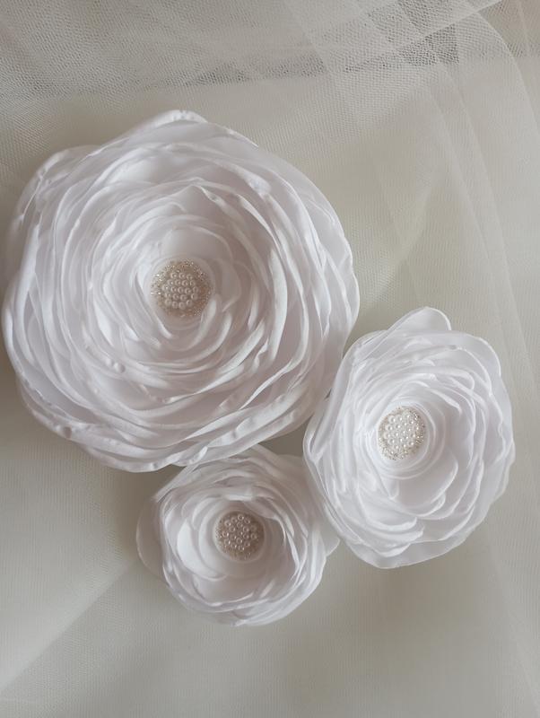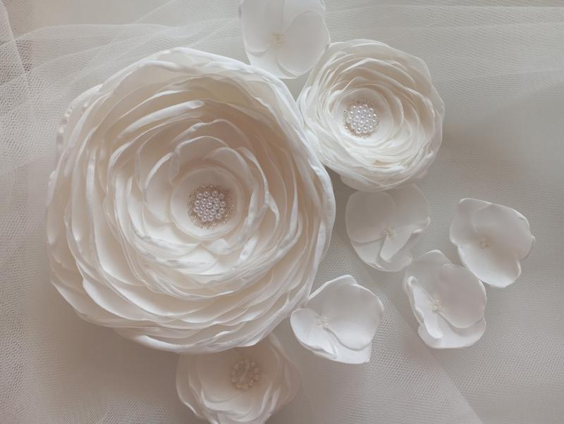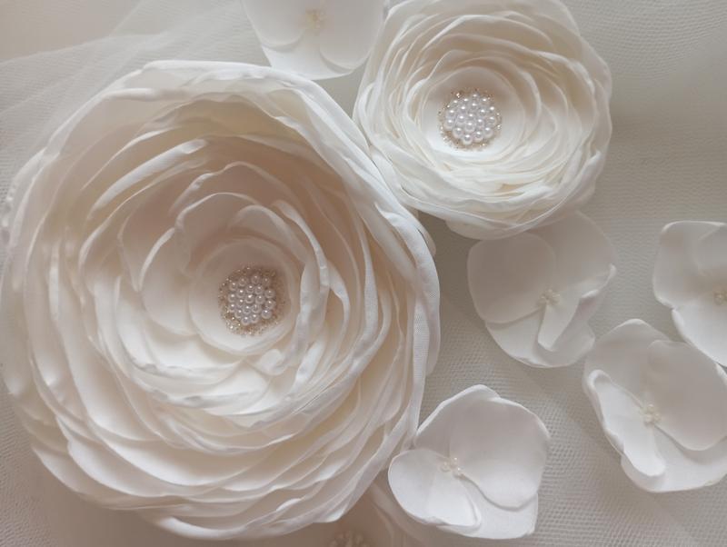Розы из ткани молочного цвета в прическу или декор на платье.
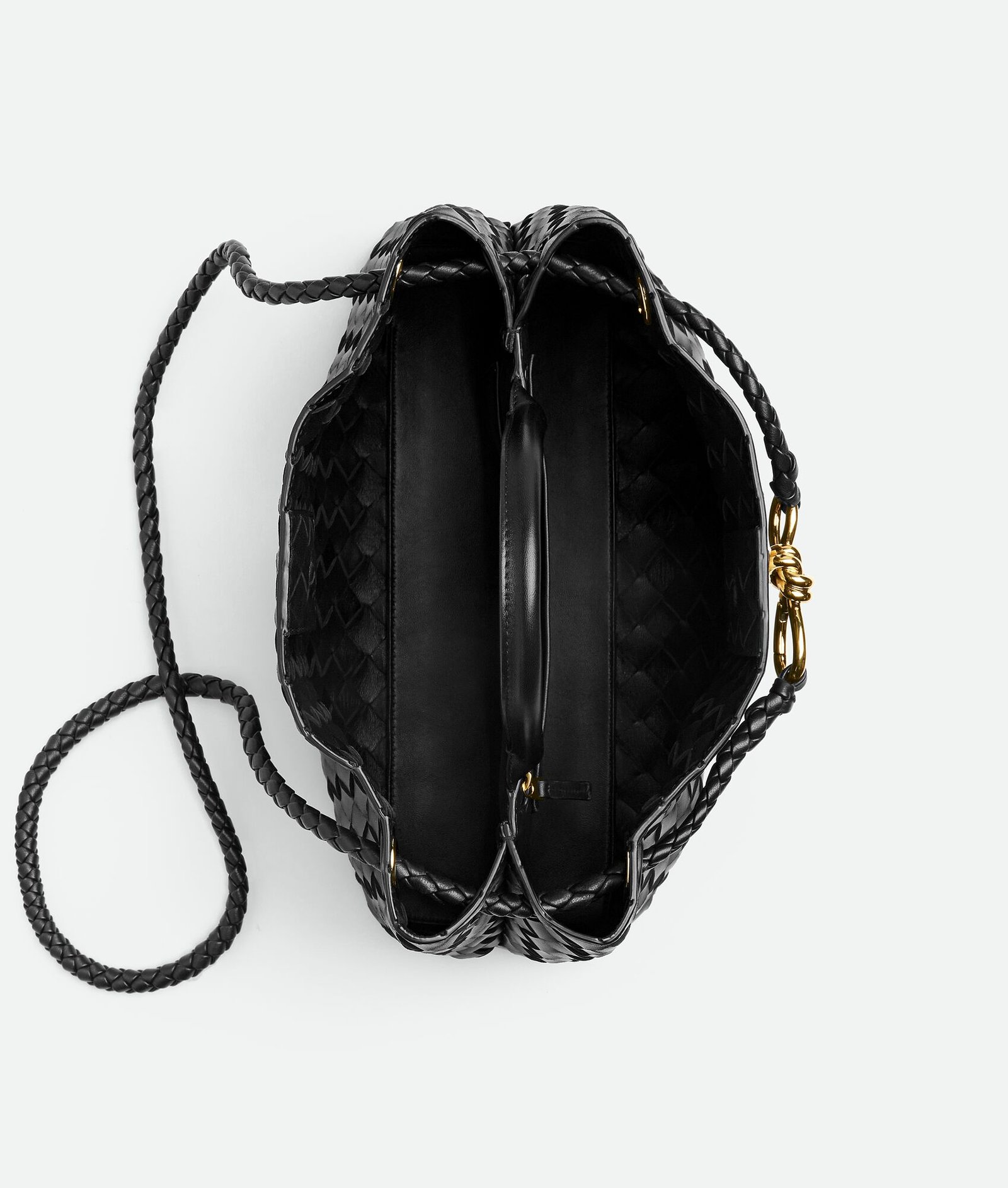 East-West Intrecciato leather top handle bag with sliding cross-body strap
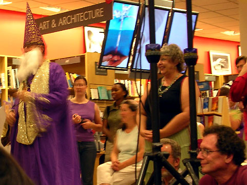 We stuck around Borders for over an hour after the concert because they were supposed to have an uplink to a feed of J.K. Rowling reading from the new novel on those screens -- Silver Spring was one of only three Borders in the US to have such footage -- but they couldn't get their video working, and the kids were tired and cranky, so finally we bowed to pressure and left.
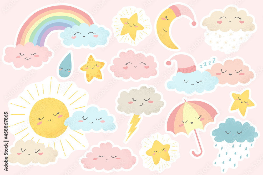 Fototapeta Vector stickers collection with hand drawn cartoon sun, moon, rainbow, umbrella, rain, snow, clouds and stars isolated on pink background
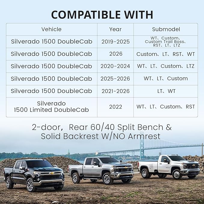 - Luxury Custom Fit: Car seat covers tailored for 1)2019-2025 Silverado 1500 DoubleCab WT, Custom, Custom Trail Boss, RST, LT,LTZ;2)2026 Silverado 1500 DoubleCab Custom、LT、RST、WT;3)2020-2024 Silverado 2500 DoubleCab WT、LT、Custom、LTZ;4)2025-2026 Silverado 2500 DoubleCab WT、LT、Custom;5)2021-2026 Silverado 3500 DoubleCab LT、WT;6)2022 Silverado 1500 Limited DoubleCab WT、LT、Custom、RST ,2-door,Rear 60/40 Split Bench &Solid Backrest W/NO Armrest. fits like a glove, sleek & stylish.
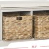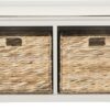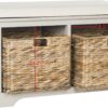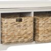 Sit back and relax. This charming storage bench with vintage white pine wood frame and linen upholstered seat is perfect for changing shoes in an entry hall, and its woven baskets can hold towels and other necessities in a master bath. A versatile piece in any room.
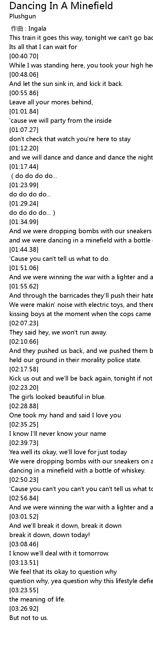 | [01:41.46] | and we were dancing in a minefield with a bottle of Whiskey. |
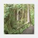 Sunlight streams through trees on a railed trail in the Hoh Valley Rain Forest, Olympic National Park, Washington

______________________________

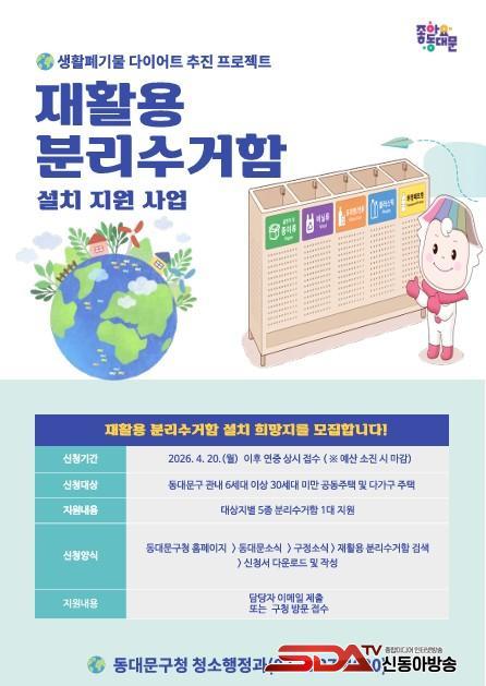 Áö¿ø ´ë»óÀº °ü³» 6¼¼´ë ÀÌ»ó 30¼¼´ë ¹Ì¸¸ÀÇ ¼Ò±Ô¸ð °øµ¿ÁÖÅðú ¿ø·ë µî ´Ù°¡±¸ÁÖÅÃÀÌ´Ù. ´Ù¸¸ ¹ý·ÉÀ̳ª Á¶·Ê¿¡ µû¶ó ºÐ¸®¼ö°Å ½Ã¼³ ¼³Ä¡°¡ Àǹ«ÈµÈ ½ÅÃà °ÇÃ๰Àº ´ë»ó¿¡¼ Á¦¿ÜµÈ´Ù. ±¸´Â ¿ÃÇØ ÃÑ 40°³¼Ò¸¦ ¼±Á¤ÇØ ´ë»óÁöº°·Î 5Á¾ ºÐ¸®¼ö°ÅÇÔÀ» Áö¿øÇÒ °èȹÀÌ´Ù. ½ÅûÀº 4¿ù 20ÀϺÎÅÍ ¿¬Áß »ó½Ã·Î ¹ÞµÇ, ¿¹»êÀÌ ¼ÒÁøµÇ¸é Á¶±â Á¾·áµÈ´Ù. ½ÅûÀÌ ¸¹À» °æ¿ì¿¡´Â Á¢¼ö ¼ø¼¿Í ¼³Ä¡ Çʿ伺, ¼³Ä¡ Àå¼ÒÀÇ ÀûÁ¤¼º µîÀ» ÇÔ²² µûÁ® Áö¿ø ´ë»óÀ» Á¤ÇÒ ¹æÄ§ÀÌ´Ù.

______________________________

Leave the pictures out. Output, exactly, the lines of the material above starting at the line containing "of Whiskey. |" and ending at the line containing "Sunlight streams through".

 | [01:41.46] | and we were dancing in a minefield with a bottle of Whiskey. |
 Sunlight streams through trees on a railed trail in the Hoh Valley Rain Forest, Olympic National Park, Washington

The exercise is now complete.